• **WORK TO COMPLETE**: Nothing after the line with "得々重4400円を注文し待つこと暫し。 これで4400円はお得すぎる!という鰻が登場。 素晴らしく美味しいです。" belongs in the copy; extract the lines below from the top through that line, pictures left out.

• **DATASET EXCERPT**:
------

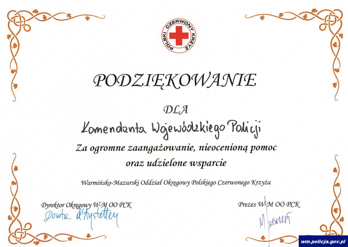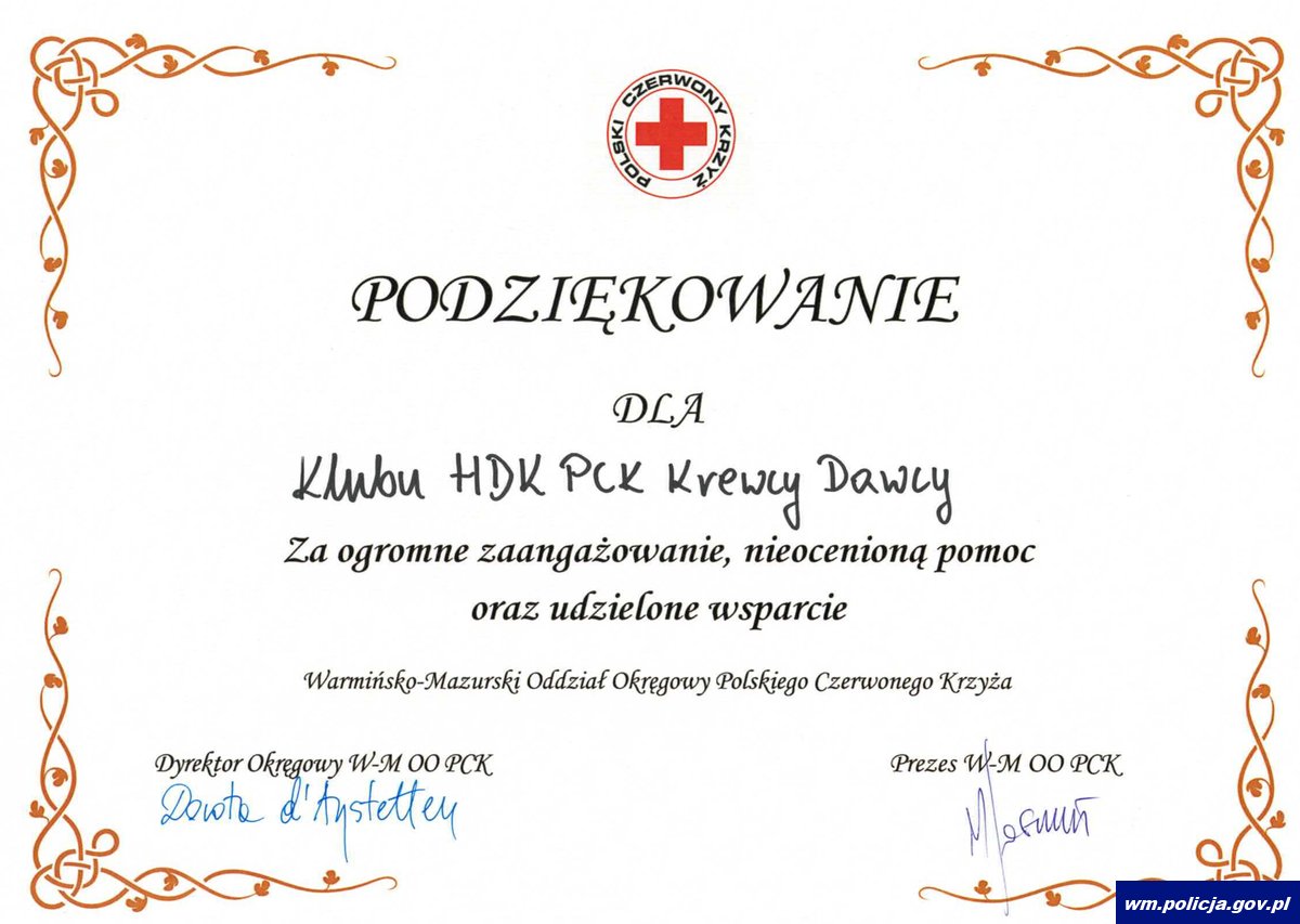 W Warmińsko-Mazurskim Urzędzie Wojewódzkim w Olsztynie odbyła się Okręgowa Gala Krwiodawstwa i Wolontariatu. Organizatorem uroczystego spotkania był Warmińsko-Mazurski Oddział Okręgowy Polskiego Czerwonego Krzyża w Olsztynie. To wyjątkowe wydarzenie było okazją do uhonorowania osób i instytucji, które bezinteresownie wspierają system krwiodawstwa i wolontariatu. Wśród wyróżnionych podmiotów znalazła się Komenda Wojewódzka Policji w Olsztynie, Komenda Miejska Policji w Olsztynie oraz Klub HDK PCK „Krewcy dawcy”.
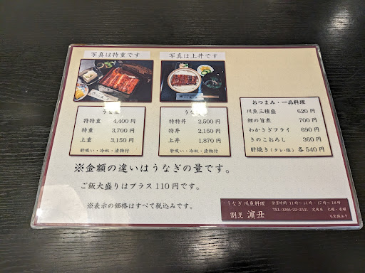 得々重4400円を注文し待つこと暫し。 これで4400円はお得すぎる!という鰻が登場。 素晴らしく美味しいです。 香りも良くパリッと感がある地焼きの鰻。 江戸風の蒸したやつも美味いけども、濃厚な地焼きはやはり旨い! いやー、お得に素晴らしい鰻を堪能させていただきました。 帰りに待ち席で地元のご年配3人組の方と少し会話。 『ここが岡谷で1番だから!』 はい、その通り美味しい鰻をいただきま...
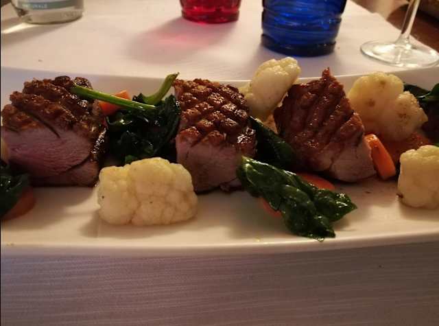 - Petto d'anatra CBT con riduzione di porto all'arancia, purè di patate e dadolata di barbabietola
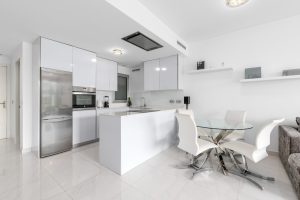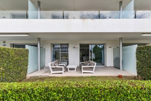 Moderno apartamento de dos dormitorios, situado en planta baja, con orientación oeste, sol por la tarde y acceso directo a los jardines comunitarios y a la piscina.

------

• **TASK OUTPUT**:
 W Warmińsko-Mazurskim Urzędzie Wojewódzkim w Olsztynie odbyła się Okręgowa Gala Krwiodawstwa i Wolontariatu. Organizatorem uroczystego spotkania był Warmińsko-Mazurski Oddział Okręgowy Polskiego Czerwonego Krzyża w Olsztynie. To wyjątkowe wydarzenie było okazją do uhonorowania osób i instytucji, które bezinteresownie wspierają system krwiodawstwa i wolontariatu. Wśród wyróżnionych podmiotów znalazła się Komenda Wojewódzka Policji w Olsztynie, Komenda Miejska Policji w Olsztynie oraz Klub HDK PCK „Krewcy dawcy”.
 得々重4400円を注文し待つこと暫し。 これで4400円はお得すぎる!という鰻が登場。 素晴らしく美味しいです。 香りも良くパリッと感がある地焼きの鰻。 江戸風の蒸したやつも美味いけども、濃厚な地焼きはやはり旨い! いやー、お得に素晴らしい鰻を堪能させていただきました。 帰りに待ち席で地元のご年配3人組の方と少し会話。 『ここが岡谷で1番だから!』 はい、その通り美味しい鰻をいただきま...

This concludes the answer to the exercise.